Extracted records:

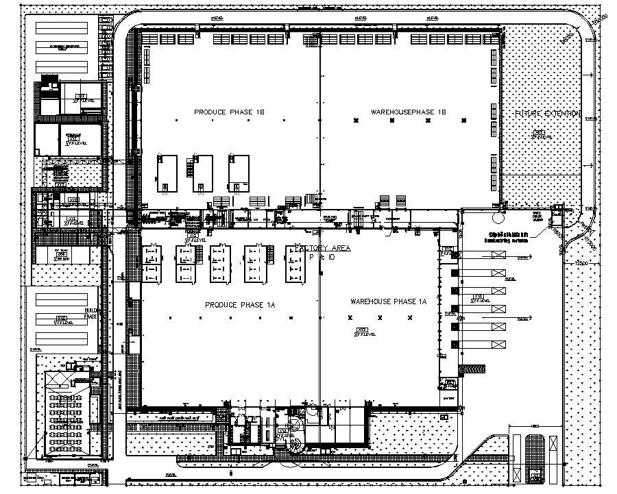 CAD industrial Warehouse plan design DWG file that shows work floor plan of industrial warehouse along with internal dimension and other blocks details.
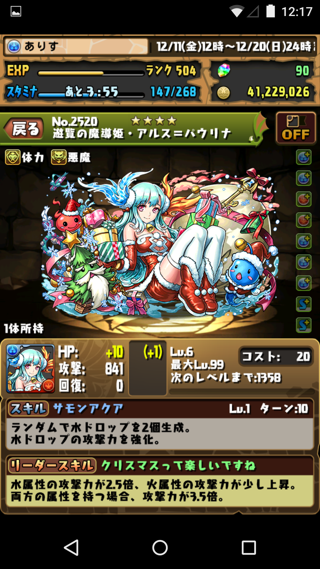 で、早速クリスマスガチャを引きましたが・・・おねーちゃんだったのはいいんですけど、銀で使い道ゼロorz
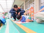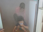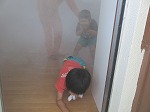 次に煙体験をしました。火事になった時に煙を吸い込まないようにするためにハンカチで鼻と口を押え、体を低くして避難することを教えてもらい、一人ずつ体験しました。
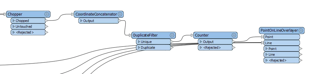 I have a line dataset that I used the transformer chopper to break it into its start and end points.
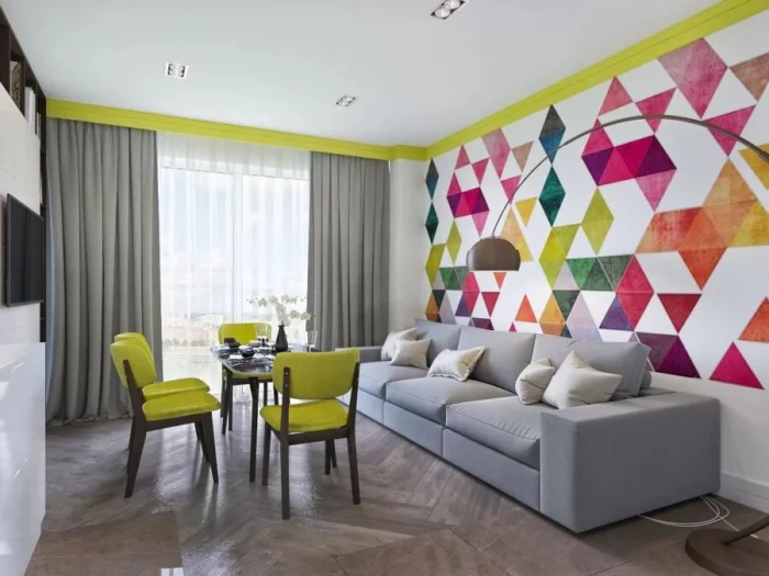 Для плавного перехода между цветами используйте нейтральную буферную зону — например, стену с мелким абстрактным узором между двумя однотонными плоскостями.
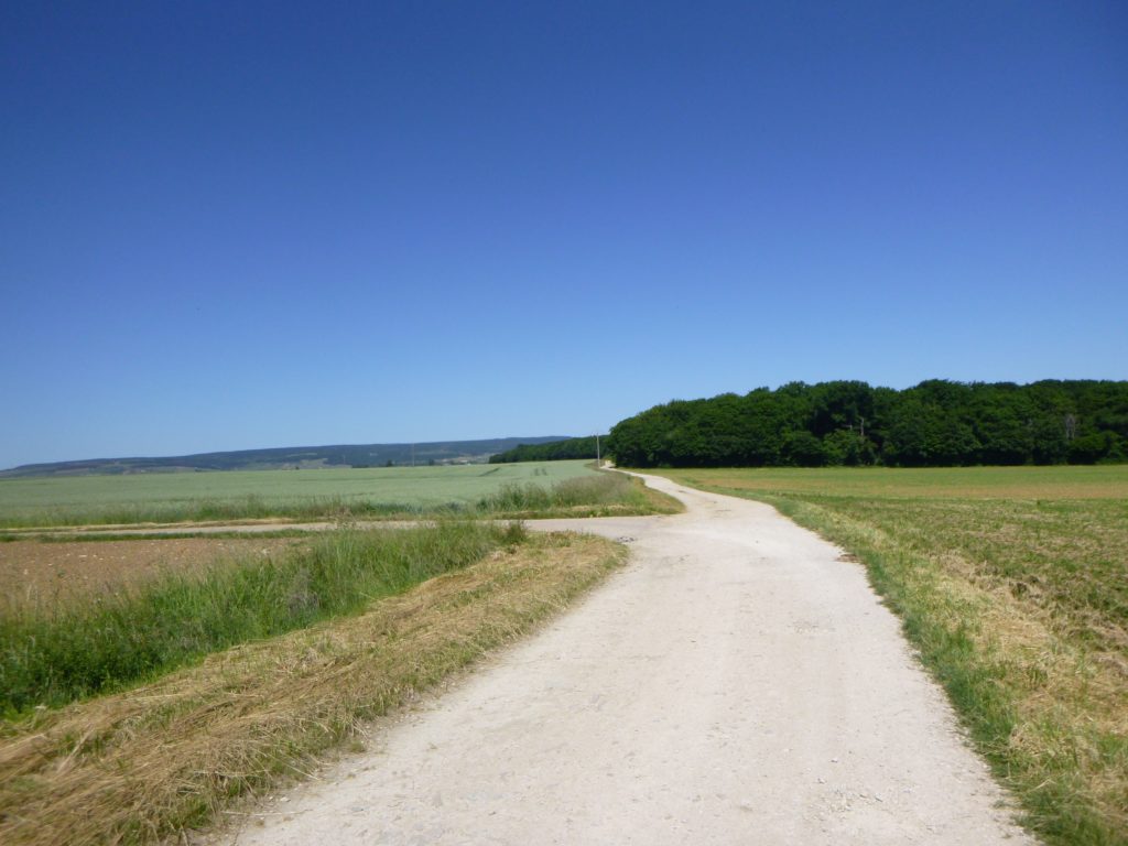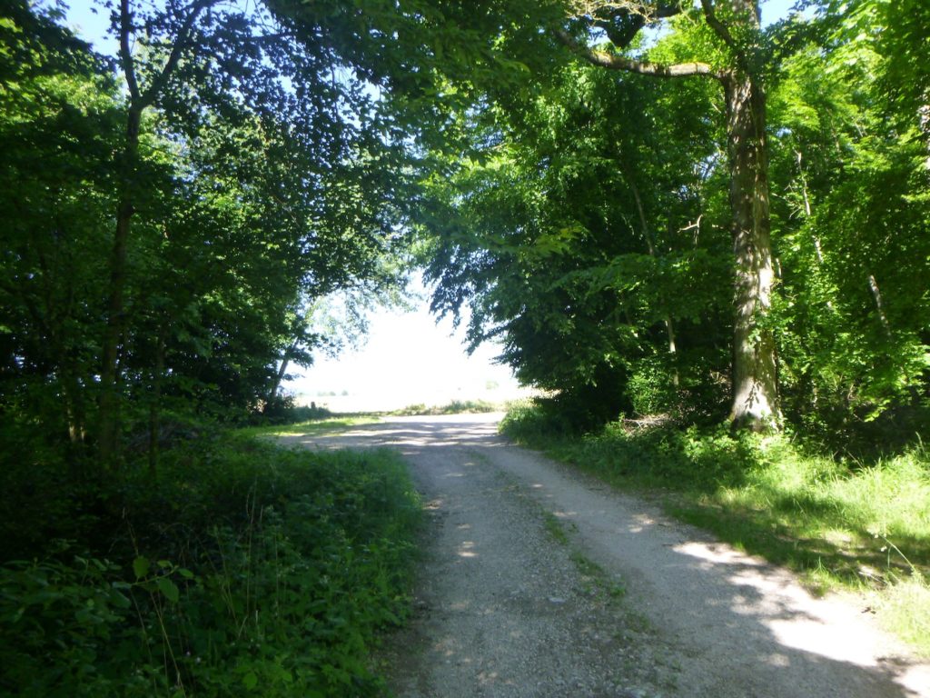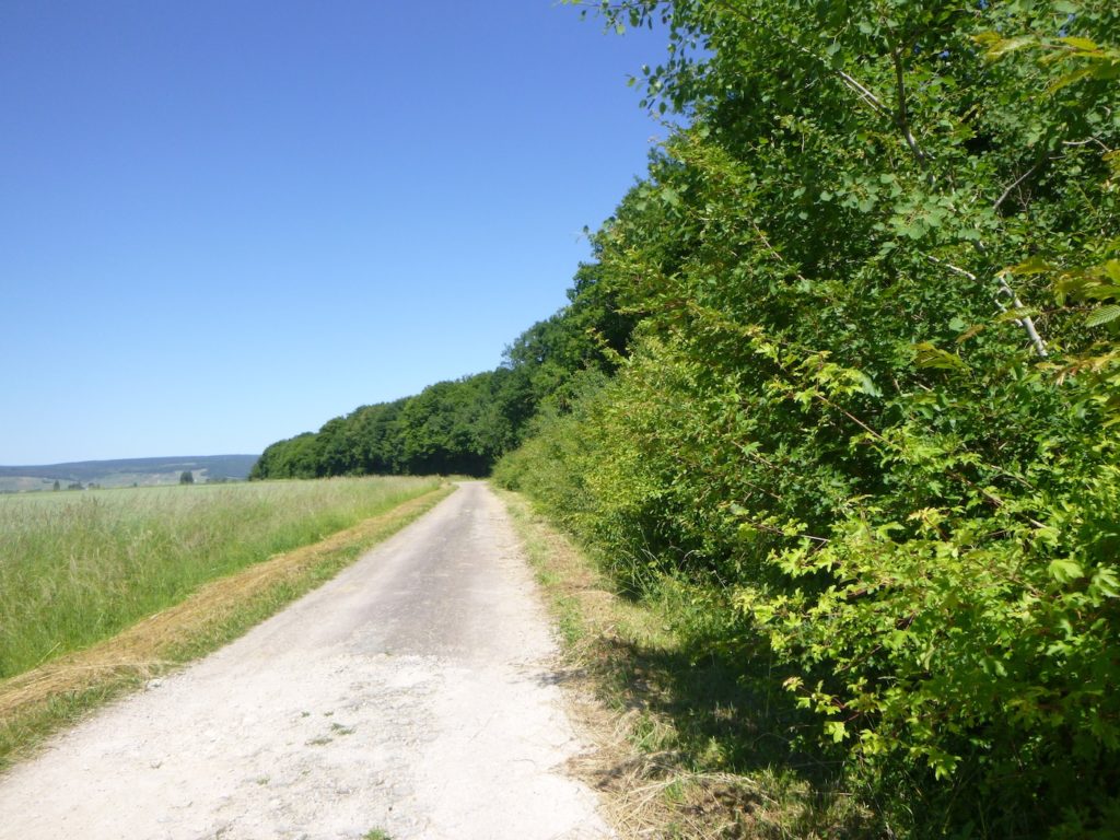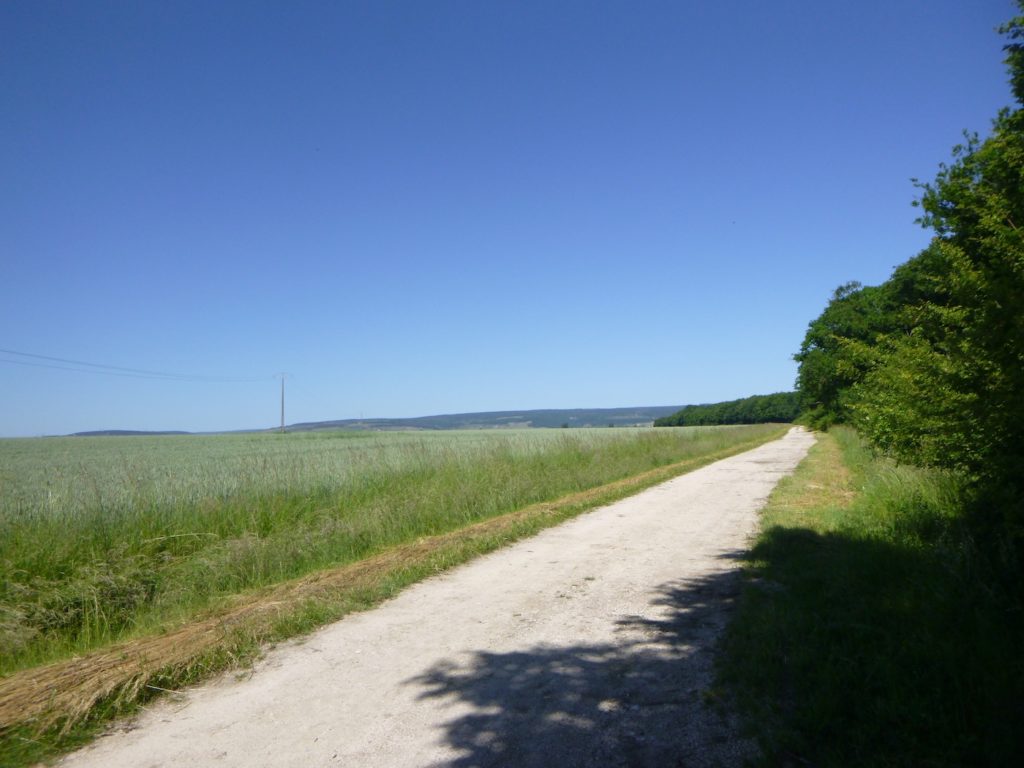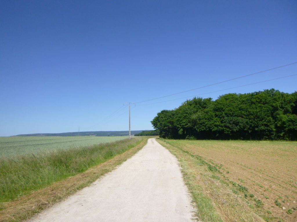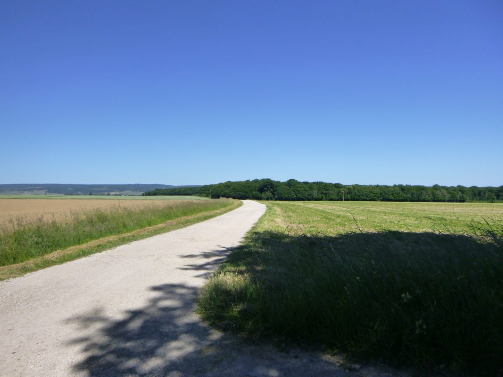 | Alors, le chemin longe le bois, patiemment, longuement, comme s’il lui faisait la cour. À perte de vue, les champs déroulent leur monotonie ondulante, et le chemin, imperturbable, trace son sillon entre nature et cultures. |
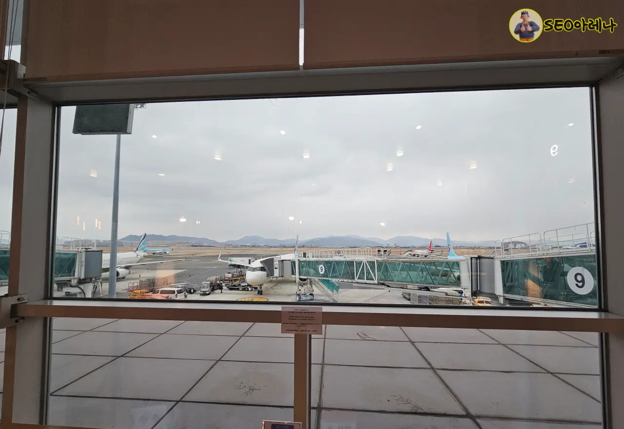 비행기를 좋아하는 분들은 좋아할 수도 있지만, 주변에 뭐 없는 공항이라 굳이 창가에 앉지 않아도 될 것 같아요.
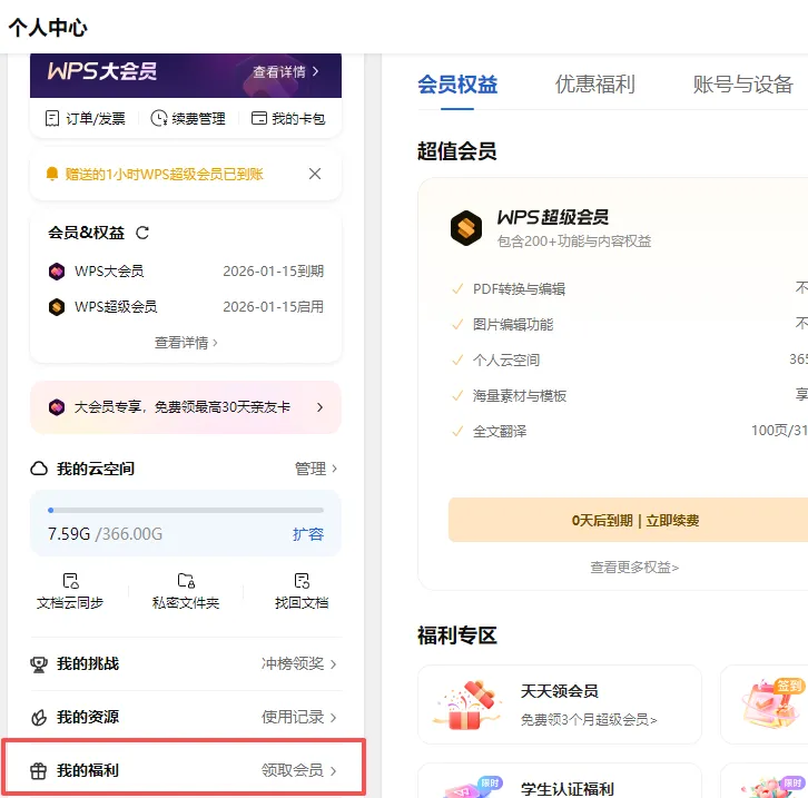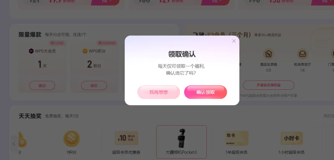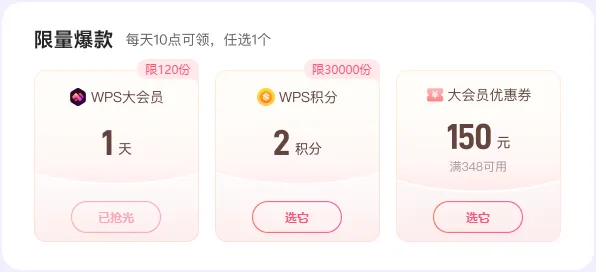 注:在我预计发出这篇文章的今天,发现此处十点领取的选项中只有“时长1h的WPS超级会员”了。
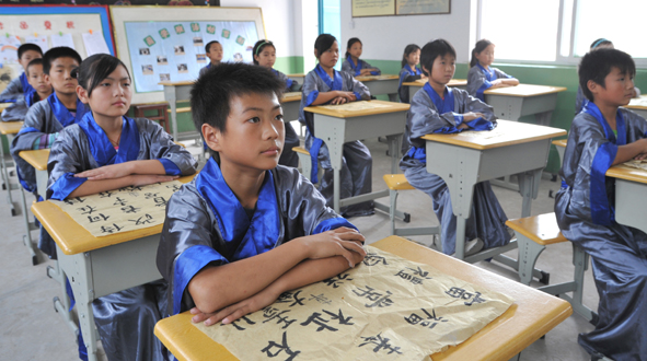 本報(bào)訊 近日,河北邯鄲縣各學(xué)校以“回顧華夏經(jīng)典、傳承精粹文化”為理念,興辦了國(guó)學(xué)班,開(kāi)設(shè)書(shū)法、繪畫(huà)、三字經(jīng)、弟子規(guī)、禮學(xué)等科目,引起孩子們濃厚興趣,紛紛報(bào)名參加學(xué)習(xí)。據(jù)了解,該縣各學(xué)校成立了國(guó)學(xué)班、國(guó)學(xué)社,讓學(xué)生穿漢服、背三字經(jīng)等。國(guó)學(xué)教育也深受家長(zhǎng)們的歡迎,一家長(zhǎng)李先生表示,對(duì)孩子進(jìn)行傳統(tǒng)禮儀、廉恥教育能提高孩子的整體素質(zhì),將對(duì)孩子的人生觀、道德觀起到積極作用。圖為該縣工程學(xué)校書(shū)法社學(xué)生在上課。

__EXERCISE PROMPT__. Output the records above as they stand, from the first line to the line with "Для плавного перехода", inclusive, and exclude the pictures.

__RESULT OF THE EXERCISE__.
 CAD industrial Warehouse plan design DWG file that shows work floor plan of industrial warehouse along with internal dimension and other blocks details.
 で、早速クリスマスガチャを引きましたが・・・おねーちゃんだったのはいいんですけど、銀で使い道ゼロorz
 次に煙体験をしました。火事になった時に煙を吸い込まないようにするためにハンカチで鼻と口を押え、体を低くして避難することを教えてもらい、一人ずつ体験しました。
 I have a line dataset that I used the transformer chopper to break it into its start and end points.
 Для плавного перехода между цветами используйте нейтральную буферную зону — например, стену с мелким абстрактным узором между двумя однотонными плоскостями.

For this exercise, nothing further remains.